» **Instructions for the task**: Pictures stay out; everything else from the first line of the entries down through the line with "请问,微信扫码和识别二维码不" gets copied exactly.

+-------+

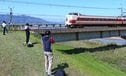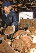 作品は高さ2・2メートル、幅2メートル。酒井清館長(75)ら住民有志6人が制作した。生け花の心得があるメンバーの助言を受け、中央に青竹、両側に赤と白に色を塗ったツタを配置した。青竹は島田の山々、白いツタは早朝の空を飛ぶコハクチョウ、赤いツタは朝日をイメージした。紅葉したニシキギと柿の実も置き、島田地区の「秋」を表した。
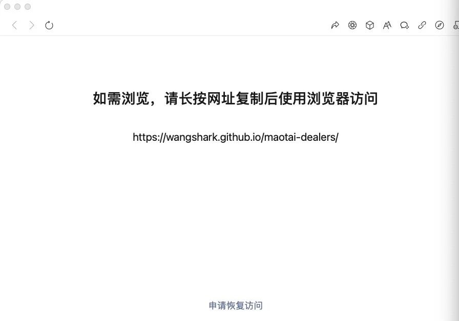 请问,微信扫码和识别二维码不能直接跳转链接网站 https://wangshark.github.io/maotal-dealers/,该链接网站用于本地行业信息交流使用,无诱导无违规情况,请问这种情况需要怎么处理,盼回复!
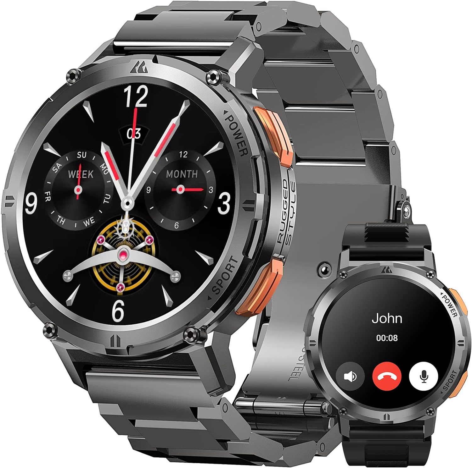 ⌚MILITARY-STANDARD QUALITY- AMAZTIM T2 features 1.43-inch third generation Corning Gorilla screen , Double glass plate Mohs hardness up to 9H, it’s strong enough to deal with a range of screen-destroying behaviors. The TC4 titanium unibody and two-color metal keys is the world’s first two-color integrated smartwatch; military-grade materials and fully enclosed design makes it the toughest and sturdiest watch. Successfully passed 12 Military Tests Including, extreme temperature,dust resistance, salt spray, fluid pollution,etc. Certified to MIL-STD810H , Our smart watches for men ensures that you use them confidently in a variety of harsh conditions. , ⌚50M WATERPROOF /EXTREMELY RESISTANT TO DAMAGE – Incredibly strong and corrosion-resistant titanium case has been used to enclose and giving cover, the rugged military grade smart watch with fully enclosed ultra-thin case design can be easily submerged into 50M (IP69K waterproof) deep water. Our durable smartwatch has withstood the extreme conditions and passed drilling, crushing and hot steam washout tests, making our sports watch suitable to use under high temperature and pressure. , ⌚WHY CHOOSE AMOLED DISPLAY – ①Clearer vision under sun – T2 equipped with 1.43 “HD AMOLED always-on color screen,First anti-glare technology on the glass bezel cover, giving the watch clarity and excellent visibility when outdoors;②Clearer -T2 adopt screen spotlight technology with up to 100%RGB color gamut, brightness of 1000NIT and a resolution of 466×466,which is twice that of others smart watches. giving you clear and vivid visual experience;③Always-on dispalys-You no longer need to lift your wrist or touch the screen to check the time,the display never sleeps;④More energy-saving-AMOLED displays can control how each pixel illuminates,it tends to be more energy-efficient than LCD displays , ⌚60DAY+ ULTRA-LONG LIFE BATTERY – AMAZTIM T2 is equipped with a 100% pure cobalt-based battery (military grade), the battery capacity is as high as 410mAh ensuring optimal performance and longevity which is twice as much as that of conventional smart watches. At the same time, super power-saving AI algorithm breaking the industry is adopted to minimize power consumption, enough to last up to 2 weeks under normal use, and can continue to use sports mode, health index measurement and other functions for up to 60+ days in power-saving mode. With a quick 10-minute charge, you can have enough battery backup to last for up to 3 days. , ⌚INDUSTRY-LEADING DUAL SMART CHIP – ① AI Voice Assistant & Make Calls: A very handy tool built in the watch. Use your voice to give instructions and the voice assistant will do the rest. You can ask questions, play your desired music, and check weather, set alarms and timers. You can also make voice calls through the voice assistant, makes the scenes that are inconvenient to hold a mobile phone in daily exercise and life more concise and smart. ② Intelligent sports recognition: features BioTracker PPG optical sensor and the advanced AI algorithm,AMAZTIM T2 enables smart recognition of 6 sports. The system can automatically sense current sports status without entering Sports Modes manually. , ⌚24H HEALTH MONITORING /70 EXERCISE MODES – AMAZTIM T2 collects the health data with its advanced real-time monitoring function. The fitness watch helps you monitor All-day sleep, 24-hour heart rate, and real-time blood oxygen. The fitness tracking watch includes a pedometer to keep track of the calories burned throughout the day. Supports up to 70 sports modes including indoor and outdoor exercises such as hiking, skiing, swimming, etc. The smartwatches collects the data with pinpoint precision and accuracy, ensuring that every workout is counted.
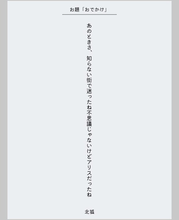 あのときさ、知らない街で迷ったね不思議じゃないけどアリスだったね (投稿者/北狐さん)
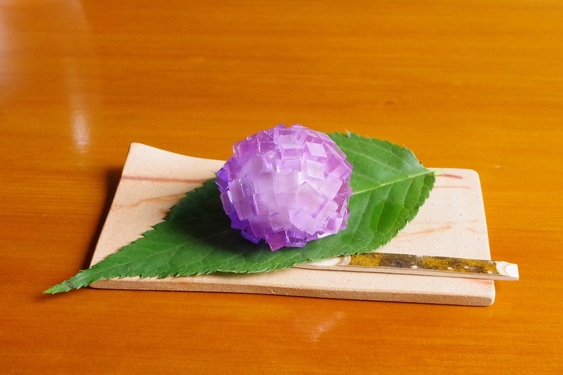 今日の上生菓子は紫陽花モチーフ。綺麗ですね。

+-------+

» **Solution for this problem**:
 作品は高さ2・2メートル、幅2メートル。酒井清館長(75)ら住民有志6人が制作した。生け花の心得があるメンバーの助言を受け、中央に青竹、両側に赤と白に色を塗ったツタを配置した。青竹は島田の山々、白いツタは早朝の空を飛ぶコハクチョウ、赤いツタは朝日をイメージした。紅葉したニシキギと柿の実も置き、島田地区の「秋」を表した。
 请问,微信扫码和识别二维码不能直接跳转链接网站 https://wangshark.github.io/maotal-dealers/,该链接网站用于本地行业信息交流使用,无诱导无违规情况,请问这种情况需要怎么处理,盼回复!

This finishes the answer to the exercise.